→ What you need to do:
Repeat the data word for word, excluding every picture.

-=-=-

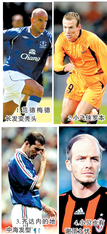
1.范德梅德 长发变秃头
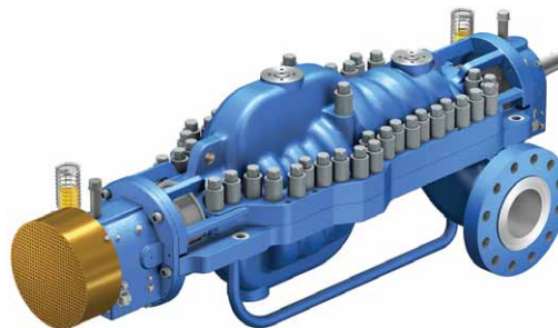
Насос CHTRa DN – 80-250 мм Q – до 715 м 3 /ч H – до 1550 м T – до 205°С p – до 155 бар

Насос CHTRa – это многоступенчатый горизонтальный насос с осевым разъемом корпуса, имеет двухзавитковую спираль корпуса, разработан в соответствии с требованиями API 610/11 и NACE для обеспечения высоких давлений и максимальной производительности. Ротор гидравлически сбалансирован посредством установкой рабочих колес «спина к спине» для уменьшения осевой силы. Насос имеет одно либо два всасывающих рабочих колеса первой ступени для достижения низких значений кавитационного запаса NPSH, опоры выполнены по центральной оси для уменьшения вибрации и термического расширения. Простая, жесткая и очень прочная конструкция обеспечивает легкое обслуживание и превосходную надежность. Обновленная гидравлическая часть и практичная конструкция позволяет легко установить насос без больших капитальных затрат.
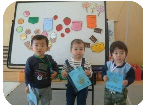
《☆11月生まれのお誕生会☆》
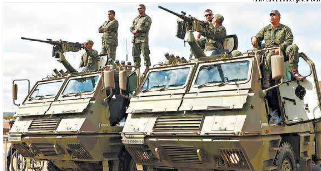
Carros blindados foram um show à parte durante os festejos do 7 de setembro na capital federal

-=-=-

→ Answer for the task:
1.范德梅德 长发变秃头
Насос CHTRa DN – 80-250 мм Q – до 715 м 3 /ч H – до 1550 м T – до 205°С p – до 155 бар

Насос CHTRa – это многоступенчатый горизонтальный насос с осевым разъемом корпуса, имеет двухзавитковую спираль корпуса, разработан в соответствии с требованиями API 610/11 и NACE для обеспечения высоких давлений и максимальной производительности. Ротор гидравлически сбалансирован посредством установкой рабочих колес «спина к спине» для уменьшения осевой силы. Насос имеет одно либо два всасывающих рабочих колеса первой ступени для достижения низких значений кавитационного запаса NPSH, опоры выполнены по центральной оси для уменьшения вибрации и термического расширения. Простая, жесткая и очень прочная конструкция обеспечивает легкое обслуживание и превосходную надежность. Обновленная гидравлическая часть и практичная конструкция позволяет легко установить насос без больших капитальных затрат.
《☆11月生まれのお誕生会☆》
Carros blindados foram um show à parte durante os festejos do 7 de setembro na capital federal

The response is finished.